Sin embargo, si pensamos un poco en el arte que conocemos, en las distintas esculturas
y pinturas de épocas pasadas, y sobre todo, de aquellas épocas en las que no existía nada
llamado arte, en las que esas piezas estaban vinculadas a la religión, o a la mitología, o a
ritos civiles, o tan sólo a la decoración, deberíamos reparar en que lo más extraño, lo
más asombroso, es la posibilidad de un arte apolíneo como el que habíamos supuesto en
algún momento, en verdad un breve periodo, porque también la exposición muestra los
primeros trabajos de historiadores del arte, en su mayoría franceses, que ya a principios
del siglo XIX esbozaron en algunos dibujos sus hipótesis de color en las esculturas de la
Grecia antigua.
Lo que observamos, pues, tiene perfecto sentido, mucho más que las pálidas e
idealizadas esculturas mudas de los museos de arte. Lo que vemos ahora son figuras
pintadas de un modo que recuerda bastante al arte oriental o persa, o incluso a las
vírgenes y a los santos de nuestras iglesias. Tal vez lo que más sorprende es que no
están pintados de un modo naturalista o realista: no se pintan los ojos de uno u otro
héroe, tal como debieron ser, o de tal emperador, sino tan sólo unos ojos que miran y
que por tanto dan al espectador la posibilidad de contemplar ese busto como a alguien
presente de algún modo; las armaduras son de un dorado que sin duda no era el de las
armaduras de los guerreros, sino el que cabe atribuir a la armadura de un dios (del
mismo modo que el manto de Cristo, en el renacimiento italiano, se pintaba por lo
general con un azul muy particular, cuya principal característica era que se trataba de
uno de los colores más costosos por más escasos: sin duda la elección de este color no
tenía que ver con la voluntad de dar una idea fiel de cómo vestía el austero Jesús, sino
tan sólo alegorizar su majestuosidad); en los relieves donde se representan batallas entre
griegos y persas, los griegos se retratan a sí mismos luchando valerosamente desnudos,
a cuerpo descubierto, mientras los persas van perfectamente vestidos y con ropas
inmensamente coloridas y vistosas…
El color, pues, no brinda mayor realismo a las esculturas. Pero sin duda sí hace que esas
esculturas parezcan menos sublimes y singulares, aunque también más comprensibles e
igualmente espirituales.

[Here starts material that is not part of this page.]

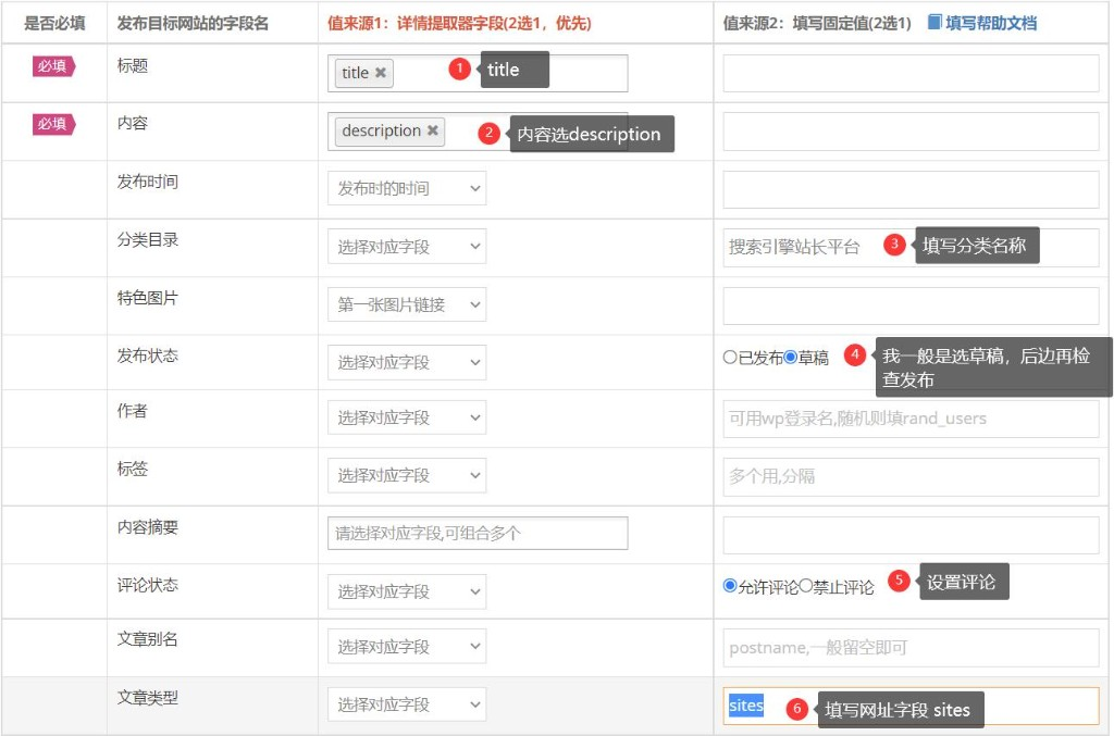 简数填写好名称、网站首页网址、发布插件密码在这一步中,设置发布的字段。要注意文章类型填写sites(对应oneNav主题的网址分类)

El tópico de la identidad entre la pureza del material desnudo y
la pureza espiritual, es decir, de las esculturas clásicas como imagen de una mayor
capacidad de abstracción y elevación espiritual, es moderno: su origen, la obra de
Winckelmann, sin duda tiene que ver con la fatiga que al alemán le inspiraba el
recargado arte barroco del finales del siglo XVII. Pero lo cierto es que los antiguos
vivían en un mundo muy distinto del nuestro —y del de Winckelmann— y por otra
parte los colores pueden servir para alegorizar atributos perfectamente espirituales,
como el coraje, la bondad, la virtud, la templanza, y tantos otros. De manera que no es
el color el que condena a una representación a la literalidad o a la mera imitación. Por
más desconcertantes que sean esos dioses coloreados, lo único que evidencia su
restablecido aspecto es lo lejos que estamos de comprender un mundo desparecido del
que sólo nos quedan vestigios, fragmentos, ruinas. Podemos intentar reconstruirlo, pero
la aparición de cada nuevo fragmento puede obligarnos a revisar la composición que
habíamos urdido a partir de los anteriores. Y quién sabe si la fascinación que ejerce el
mundo antiguo no descansa precisamente en la ausencia de la totalidad de la que esos
vestigios formaron parte un día, una totalidad que, así, siempre estamos obligados a
bosquejar.
Sería una pena que esta cuidadosa exposición acabara infundiendo la idea de que esa
profusión de color en las esculturas evidencia la mentalidad infantil de quienes las
crearon. ¿Acaso no es más infantil, o por lo menos más literal, identificar el color con
nuestros estridentes muñecos de infancia?